Write out exactly the lines between the line containing "美式条纹运动短裤男夏季宽松潮牌大码休闲五分裤男士直筒裤子男裤" and the end of the records, counting both ends, and leave out all pictures.

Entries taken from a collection
-- Opening Marker --

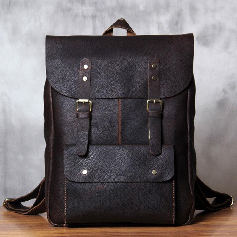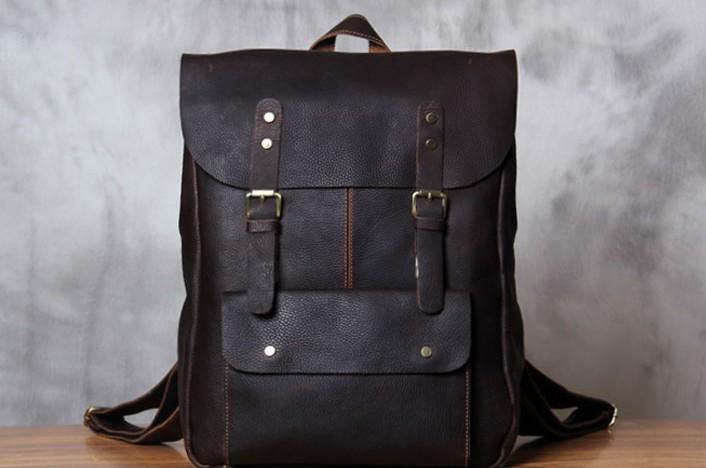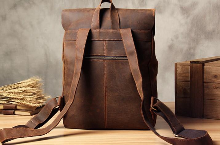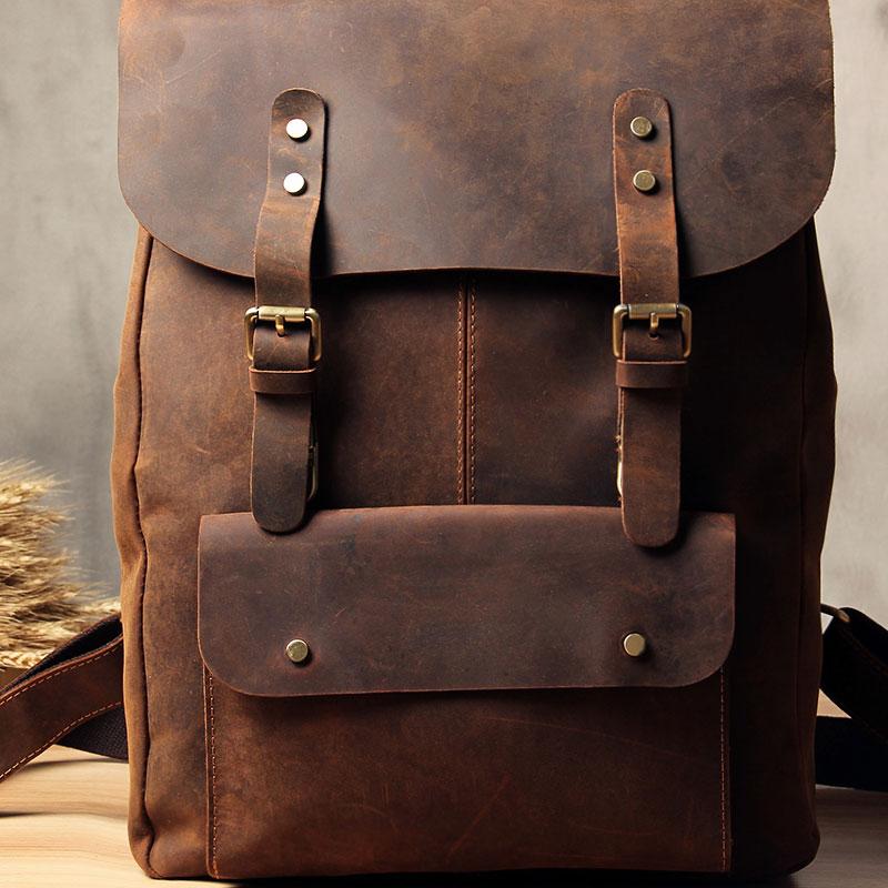 Style: Genuine Leather Vintage Brown Mens Cool Leather Backpack Travel Bag for men
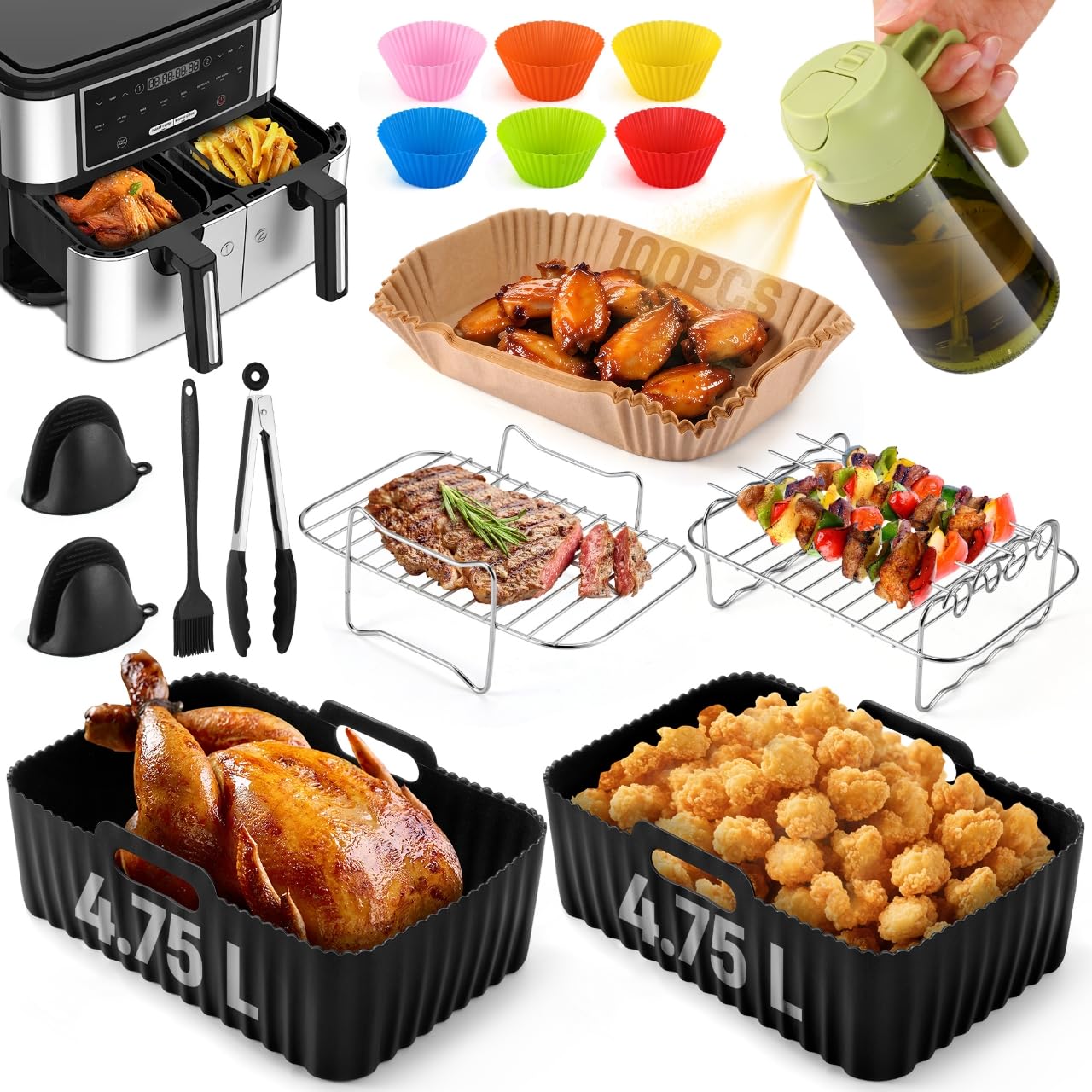 Lot de 100 doublures en papier sulfurisé pour friteuse à air comprimé COSORI Dual Air Fryer 8,5 L/Ninja Flex Drawer AF500UK AF500UKCP Air Fryer / Air Fryer / Air Fryer AF34 10L & Instant XXL 8,5 L 0,5 L Inart Friteuse à air double XXL 10,4 L BYKITCHEN Store, rendez-vous la vie un peu plus facile. BYKITCHEN Lot de 100 doublures pour friteuse à air BYKITCHEN Friteuse à air comprimé pour Ninja Accessoires parfaits pour friteuse à air double: les supports de friteuse à air comprimé mesurent 19 x 13 x 8,5 cm (L x l x H... Doublures en papier pour friteuse à air de qualité supérieure : fabriquées à partir de pâte 100 % de qualité alimentaire avec revêtement antiadhésif de qualité alimentaire, sain, antiadhésif, résistant à la graisse, imperméable, non absorbant, 100 % sûr pour un usage quotidien Doublures en papier sulfurisé pour friteuse à air comprimé : spécialement conçues pour les friteuses à air double COSORI 8,5 L/Ninja Foodi FlexDrawer, également compatible avec les friteuses à air Cuisinart XXL10,4 L/Russell Hobbs Dual Air Fryer 9 L Caractéristiques : Particulièrement adapté pour la friteuse à air double COSORI 8,5 L / Ninja Foodi Flex Drawer Air Fryer AF500UK 10,4 L Également compatible avec la friteuse Duronic Air Fryer AF34 10L & Instant XXL 8,5L et la friteuse à air Ometa 9L Dual Air friteer/Cuisinart XXL10., 4L Air Fryer/Russell Hobbs Dual Air Fryer 9L Doublures pour panier de friteuse à air avec design latéral, facile à transférer les aliments dans l'assiette. Résiste à la chaleur jusqu'à 232 °C, passe au micro-ondes et au four. Résistance à la chaleur et facile à utiliser : passe au micro-ondes et au four jusqu'à 232 °C. Fabriqué en pâte de bois de qualité alimentaire de qualité supérieure et revêtement antiadhésif, 100 % sûr pour un usage quotidien Résistant à la graisse, imperméable et non absorbant. Gardez votre friteuse propre : pas de trous et spécialement conçu avec la forme du bol, évite que le panier ne graisse et ne laisse aucun résidu. Doublures pour panier de friteuse à air avec design latéral, facile à transférer les aliments dans l'assiette. Fabriqué en pâte de bois de qualité alimentaire de qualité supérieure et revêtement antiadhésif, 100 % sûr pour un usage quotidien Doublures en papier pour friteuse à air de qualité... Accessoires Air Fryer Ninja BYKITCHEN Lot De 100 Doublures Pour Friteuse à Air Comprimé Accessoire Ninja Air Fryer 10.4l Ces feuilles de friteuse jetables antiadhésives ont toutes une forme de bol et une taille exacte, pas besoin de couper ou de plier.
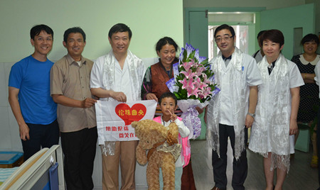 7月4日,市民族宗教局副局长朱黎黄、市残联工作人员和胡勤刚院长、王磊书记、周楠副书记看望了在我院三病区就诊的5岁藏族女孩伦珠曲央,祝愿她早日康复迎接美丽人生,并向倾力救治小伦珠的医护人员和热心人士表达诚挚感谢。
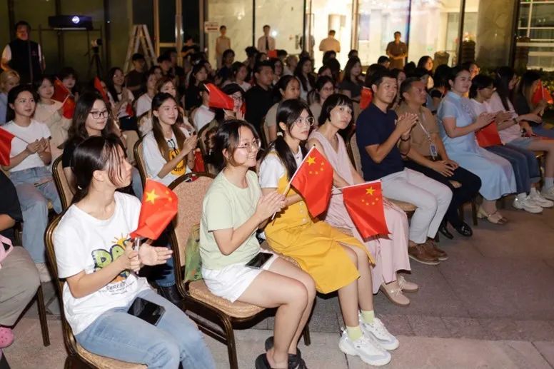 合唱团的四名学生领唱,在座的观众跟随歌声,挥舞手中的五星红旗,一同为祖国送上深深的祝福。
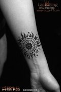 手臂超精致图腾太阳纹身由武汉最
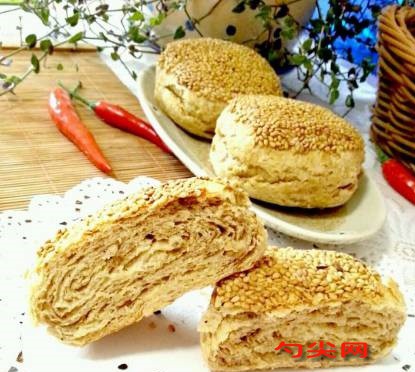工藝;1. 準備300克面粉和5克面欣酥A攪拌均勻。2. 把3克酵母用18O克水化開和面,水要一點點加,各種面粉的吃水性不同,在和的時候如果感覺面粘了,就不要在往里加水了。3. 加好水的面粉成雪花片狀。4. 把面揉成光滑狀醒發40分鐘,和面一定要軟喲,千萬不能硬。5. 桌上撒上干面粉防沾,因為此餅的面非常的軟粘,把面團搟成約O,8厘米厚的規則長方形面皮,不能太薄喲。6. 取半碗芝麻醬用2勺芝麻油一勺鹽調均勻備用。7. 把調好的芝麻醬均勻抹在搟好的長方形面片上,四周不要抹上喲,一會壓實封邊防漏醬汁。然后撒上花椒料。我們開始第一次疊被子。從右邊折過來,在左邊折到右邊上面完全看不到芝麻醬了,兩邊輕壓一下,這時把豎著的面坯橫過來在次搟開成長方形,手法一定要輕,以免芝麻醬漏出,一定別忘下面撒些干面!8. 這是第二次疊被子,從左上角開始為第一步,第二步抹剩余的醬,第三圖右折一下,第四圖左折一下,完成。9. 第三次疊被子,重復上步驟,還是從左上角為第1步,右折一下,左邊折到右邊,把面橫過來搟成長方形,從下往上卷,卷成圈柱形。10. 用刀切成九等份,每一份為一個小劑子,把劑子立起用手捏緊,兩端切面都要捏緊收口,整理成圓形餅坯備用。11. 一勺面二勺水調個面糊,用刷子刷到餅坯上,在把餅坯有面糊一面放到芝麻盤中粘上芝麻,還要壓一下,防芝麻掉粒。
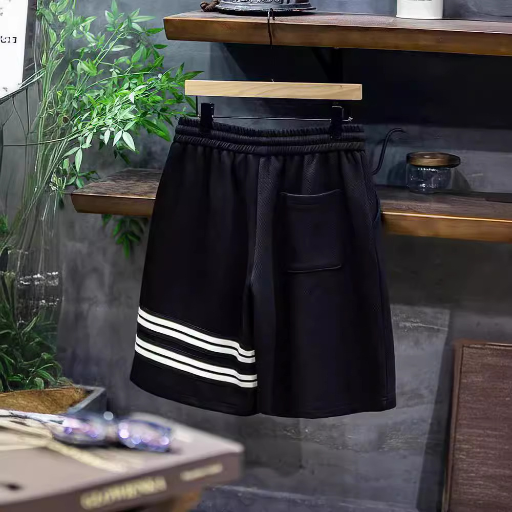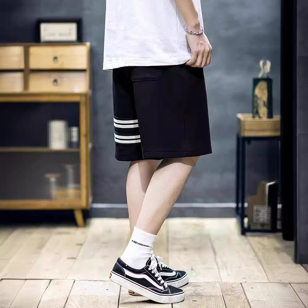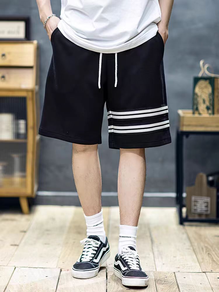 美式条纹运动短裤男夏季宽松潮牌大码休闲五分裤男士直筒裤子男裤
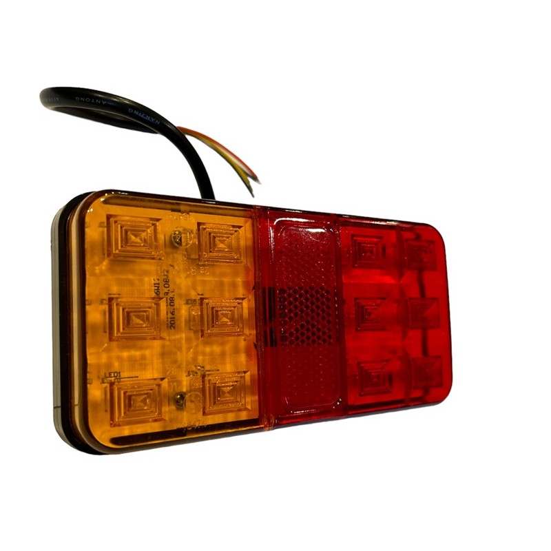 Lampa diodowa (LED) tak Kategoria lampy zespolona tylna Strona montażu uniwersalna Napięcie zasilające 12/24 V Przewód 4×0,5 mm2; Ilość diod LED 20 Światło pozycyjne tylne tak Światło hamowania tak Kierunkowskaz tylny tak Światło cofania tak Zakres temperatury pracy od -30°C do +50°C
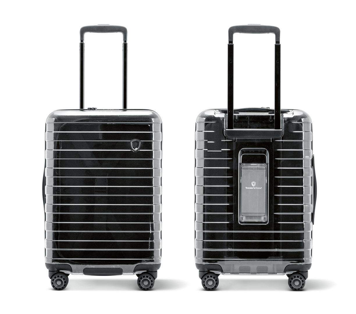 This trendy hand luggage effectively asserts both fashionable and functional claims. In the transparent trolley case, style-conscious travellers can show off their latest travel gear, while the built-in power bank allows on-the-go phone charging when travelling. A thin-walled yet sturdy hard shell of 100 per cent polycarbonate protects whatever items are packed in the carry-on case. Thanks to its high-quality Cyclone spherical wheel system, the spinner has good traction properties and is easy to move.
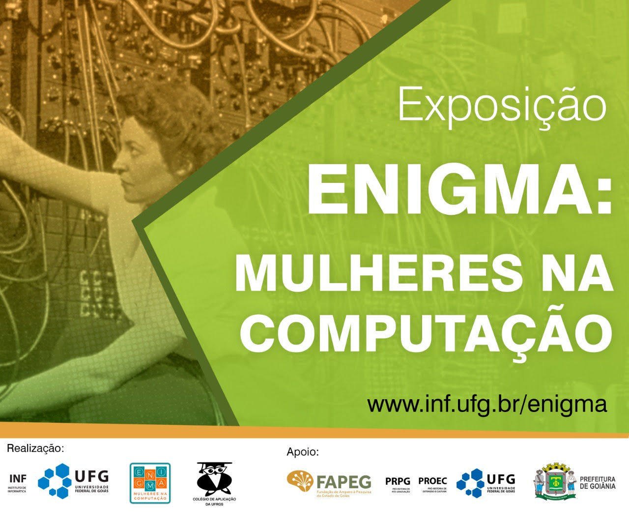 O Instituto de Informática recebe a partir do dia 20 de novembro a exposição “Enigma: Mulheres na Computação”, que será exibida no pátio do INF/UFG até o dia 14 de dezembro. A exposição é uma das ações do projeto de extensão Enigma, vinculado ao Colégio de Aplicação da Universidade Federal do Rio Grande do Sul (UFRGS), integra Arte, Gênero e Computação e tem como objetivo tornar visível o trabalho de mulheres na área da Computação. A mostra conta com peças digitais e físicas, além de oficinas para alunos do ensino fundamental e médio e também para o público em geral.
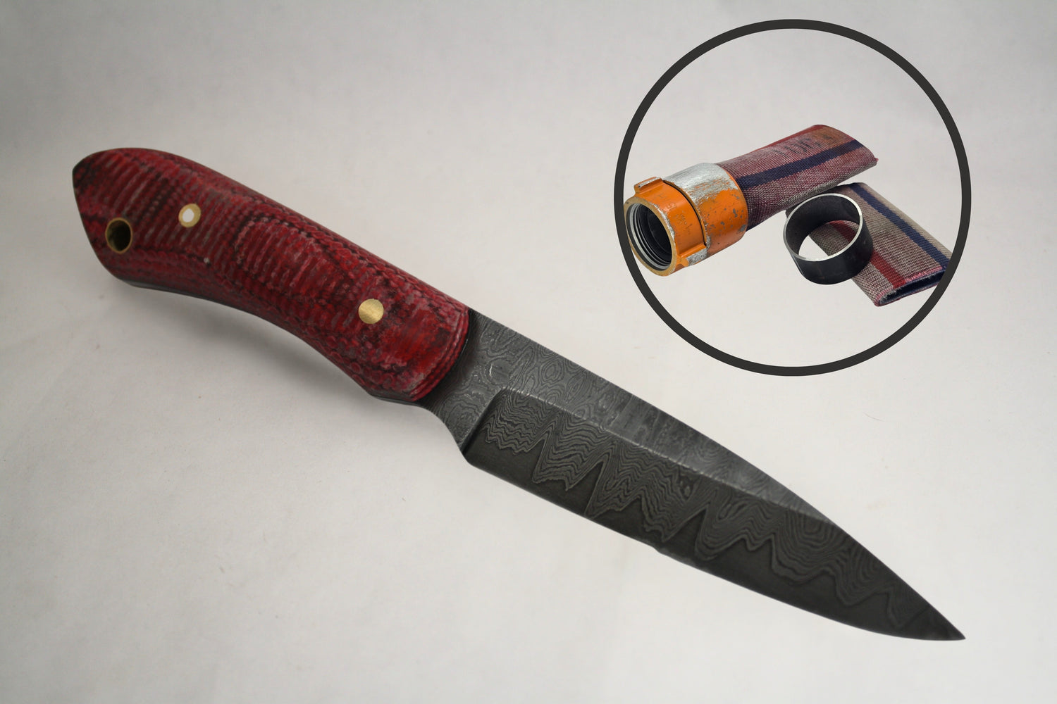 This custom blade was forged from fire sprinkler pipe and blade quality steel into a San Mai Damascus pattern. The handle is micarta made from decommissioned fire hose donated by Lake Mary Fire Department, capturing the spirit of the fire protection trade. Originally created for the Buddy Dewar Tournament, it was raffled to one lucky winner.

-- Closing Marker --

> _Your response_
 美式条纹运动短裤男夏季宽松潮牌大码休闲五分裤男士直筒裤子男裤
 Lampa diodowa (LED) tak Kategoria lampy zespolona tylna Strona montażu uniwersalna Napięcie zasilające 12/24 V Przewód 4×0,5 mm2; Ilość diod LED 20 Światło pozycyjne tylne tak Światło hamowania tak Kierunkowskaz tylny tak Światło cofania tak Zakres temperatury pracy od -30°C do +50°C
 This trendy hand luggage effectively asserts both fashionable and functional claims. In the transparent trolley case, style-conscious travellers can show off their latest travel gear, while the built-in power bank allows on-the-go phone charging when travelling. A thin-walled yet sturdy hard shell of 100 per cent polycarbonate protects whatever items are packed in the carry-on case. Thanks to its high-quality Cyclone spherical wheel system, the spinner has good traction properties and is easy to move.
 O Instituto de Informática recebe a partir do dia 20 de novembro a exposição “Enigma: Mulheres na Computação”, que será exibida no pátio do INF/UFG até o dia 14 de dezembro. A exposição é uma das ações do projeto de extensão Enigma, vinculado ao Colégio de Aplicação da Universidade Federal do Rio Grande do Sul (UFRGS), integra Arte, Gênero e Computação e tem como objetivo tornar visível o trabalho de mulheres na área da Computação. A mostra conta com peças digitais e físicas, além de oficinas para alunos do ensino fundamental e médio e também para o público em geral.
 This custom blade was forged from fire sprinkler pipe and blade quality steel into a San Mai Damascus pattern. The handle is micarta made from decommissioned fire hose donated by Lake Mary Fire Department, capturing the spirit of the fire protection trade. Originally created for the Buddy Dewar Tournament, it was raffled to one lucky winner.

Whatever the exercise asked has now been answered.